Data shown
· · · · · · ·

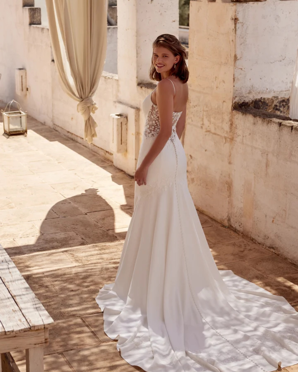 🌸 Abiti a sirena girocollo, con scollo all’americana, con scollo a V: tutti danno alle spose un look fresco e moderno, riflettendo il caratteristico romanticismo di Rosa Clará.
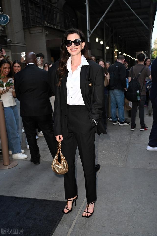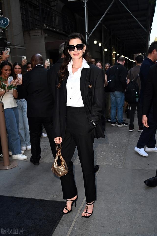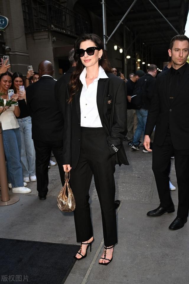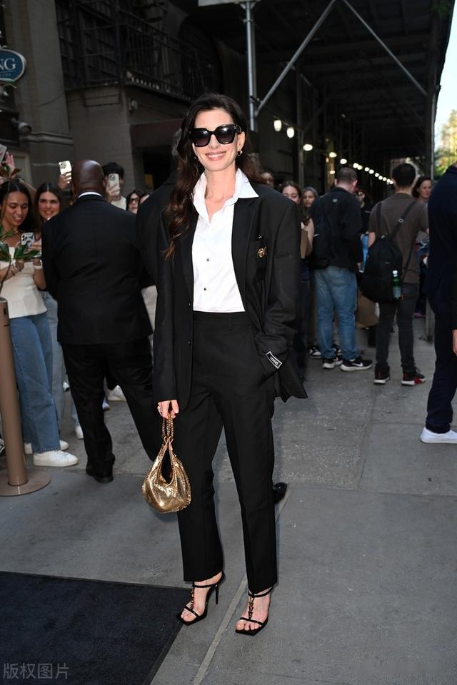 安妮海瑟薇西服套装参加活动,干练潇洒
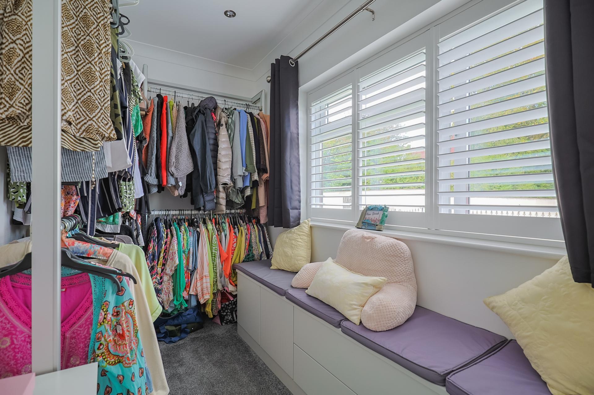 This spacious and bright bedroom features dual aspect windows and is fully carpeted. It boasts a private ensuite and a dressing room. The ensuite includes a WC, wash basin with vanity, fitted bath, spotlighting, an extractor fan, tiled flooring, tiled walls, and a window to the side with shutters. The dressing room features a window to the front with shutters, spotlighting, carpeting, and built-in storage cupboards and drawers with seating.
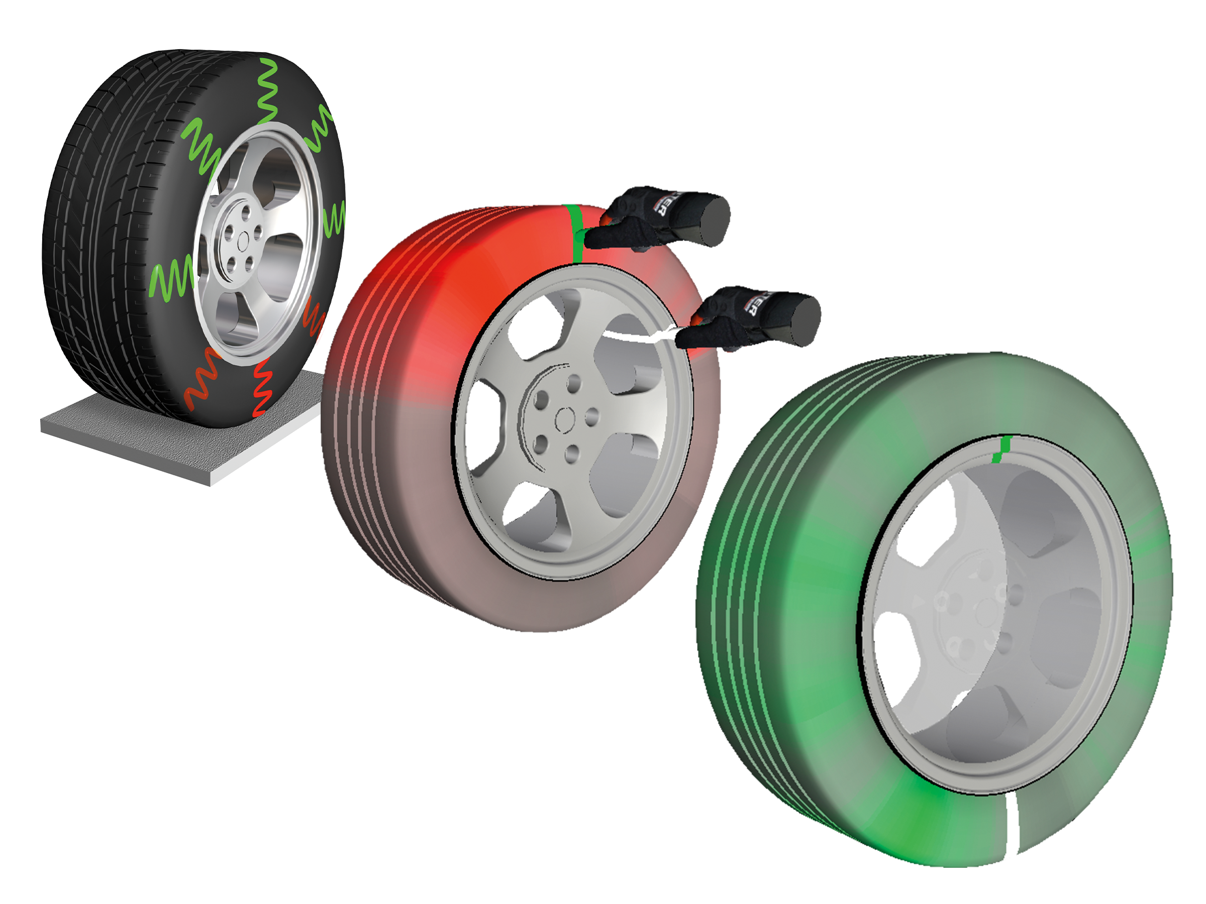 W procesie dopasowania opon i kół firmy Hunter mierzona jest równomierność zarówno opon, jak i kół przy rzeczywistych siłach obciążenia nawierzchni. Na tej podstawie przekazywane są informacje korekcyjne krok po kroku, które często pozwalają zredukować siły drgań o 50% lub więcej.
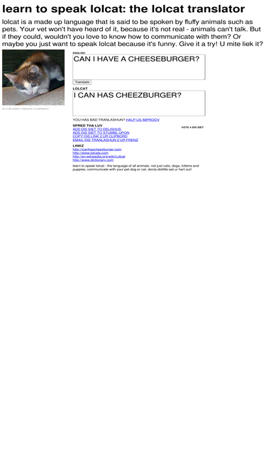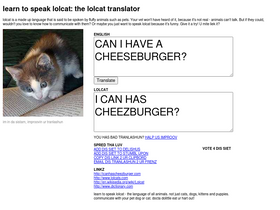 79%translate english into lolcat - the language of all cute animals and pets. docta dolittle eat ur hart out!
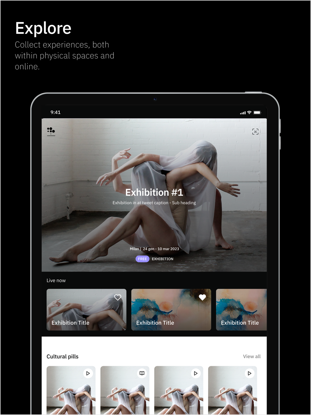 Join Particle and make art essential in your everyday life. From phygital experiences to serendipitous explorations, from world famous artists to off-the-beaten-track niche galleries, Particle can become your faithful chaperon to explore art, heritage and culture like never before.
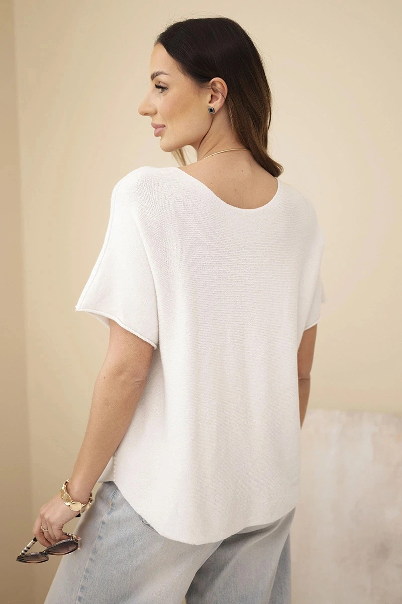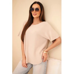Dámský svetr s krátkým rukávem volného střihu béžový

· · · · · · ·

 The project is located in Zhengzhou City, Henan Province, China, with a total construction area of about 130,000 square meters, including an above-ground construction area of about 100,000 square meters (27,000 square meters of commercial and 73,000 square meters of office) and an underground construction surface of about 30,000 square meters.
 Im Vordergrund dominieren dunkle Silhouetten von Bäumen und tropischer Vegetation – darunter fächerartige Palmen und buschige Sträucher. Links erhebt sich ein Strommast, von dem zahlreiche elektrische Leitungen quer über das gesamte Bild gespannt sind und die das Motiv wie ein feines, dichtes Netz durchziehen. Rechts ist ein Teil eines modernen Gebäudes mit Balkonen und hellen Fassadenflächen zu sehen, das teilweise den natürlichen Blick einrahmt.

· · · · · · ·

Task to complete
Using the data above, set down each line from the line with "di Rosa Clará." to the line with "Dámský svetr s" exactly, both ends included, and leave the pictures behind. Nothing else belongs.

Task output
 🌸 Abiti a sirena girocollo, con scollo all’americana, con scollo a V: tutti danno alle spose un look fresco e moderno, riflettendo il caratteristico romanticismo di Rosa Clará.
 安妮海瑟薇西服套装参加活动,干练潇洒
 This spacious and bright bedroom features dual aspect windows and is fully carpeted. It boasts a private ensuite and a dressing room. The ensuite includes a WC, wash basin with vanity, fitted bath, spotlighting, an extractor fan, tiled flooring, tiled walls, and a window to the side with shutters. The dressing room features a window to the front with shutters, spotlighting, carpeting, and built-in storage cupboards and drawers with seating.
 W procesie dopasowania opon i kół firmy Hunter mierzona jest równomierność zarówno opon, jak i kół przy rzeczywistych siłach obciążenia nawierzchni. Na tej podstawie przekazywane są informacje korekcyjne krok po kroku, które często pozwalają zredukować siły drgań o 50% lub więcej.
 79%translate english into lolcat - the language of all cute animals and pets. docta dolittle eat ur hart out!
 Join Particle and make art essential in your everyday life. From phygital experiences to serendipitous explorations, from world famous artists to off-the-beaten-track niche galleries, Particle can become your faithful chaperon to explore art, heritage and culture like never before.
Dámský svetr s krátkým rukávem volného střihu béžový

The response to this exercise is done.